📑 원본 노트북 : [
Titanic Data Science Solutions](https://www.kaggle.com/startupsci/titanic-data-science-solutions)

# Titanic Data Science Solutions


### This notebook is a companion to the book [Data Science Solutions](https://www.amazon.com/Data-Science-Solutions-Startup-Workflow/dp/1520545312). 

The notebook walks us through a typical workflow for solving data science competitions at sites like Kaggle.

There are several excellent notebooks to study data science competition entries. However many will skip some of the explanation on how the solution is developed as these notebooks are developed by experts for experts. The objective of this notebook is to follow a step-by-step workflow, explaining each step and rationale for every decision we take during solution development.

## Workflow stages

The competition solution workflow goes through seven stages described in the Data Science Solutions book.

1. Question or problem definition.
2. Acquire training and testing data.
3. Wrangle, prepare, cleanse the data.
4. Analyze, identify patterns, and explore the data.
5. Model, predict and solve the problem.
6. Visualize, report, and present the problem solving steps and final solution.
7. Supply or submit the results.

The workflow indicates general sequence of how each stage may follow the other. However there are use cases with exceptions.

- We may combine mulitple workflow stages. We may analyze by visualizing data.
- Perform a stage earlier than indicated. We may analyze data before and after wrangling.
- Perform a stage multiple times in our workflow. Visualize stage may be used multiple times.
- Drop a stage altogether. We may not need supply stage to productize or service enable our dataset for a competition.


## Question and problem definition

Competition sites like Kaggle define the problem to solve or questions to ask while providing the datasets for training your data science model and testing the model results against a test dataset. The question or problem definition for Titanic Survival competition is [described here at Kaggle](https://www.kaggle.com/c/titanic).

> Knowing from a training set of samples listing passengers who survived or did not survive the Titanic disaster, can our model determine based on a given test dataset not containing the survival information, if these passengers in the test dataset survived or not.

We may also want to develop some early understanding about the domain of our problem. This is described on the [Kaggle competition description page here](https://www.kaggle.com/c/titanic).
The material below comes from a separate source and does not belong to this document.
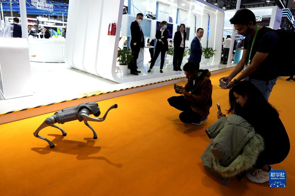 11月7日,在第六届进博会技术装备展区,观众与海克斯康展示的智能机器狗互动。

Here are the highlights to note.

- On April 15, 1912, during her maiden voyage, the Titanic sank after colliding with an iceberg, killing 1502 out of 2224 passengers and crew. Translated 32% survival rate.
- One of the reasons that the shipwreck led to such loss of life was that there were not enough lifeboats for the passengers and crew.
- Although there was some element of luck involved in surviving the sinking, some groups of people were more likely to survive than others, such as women, children, and the upper-class.

## Workflow goals

The data science solutions workflow solves for seven major goals.

**Classifying.** We may want to classify or categorize our samples. We may also want to understand the implications or correlation of different classes with our solution goal.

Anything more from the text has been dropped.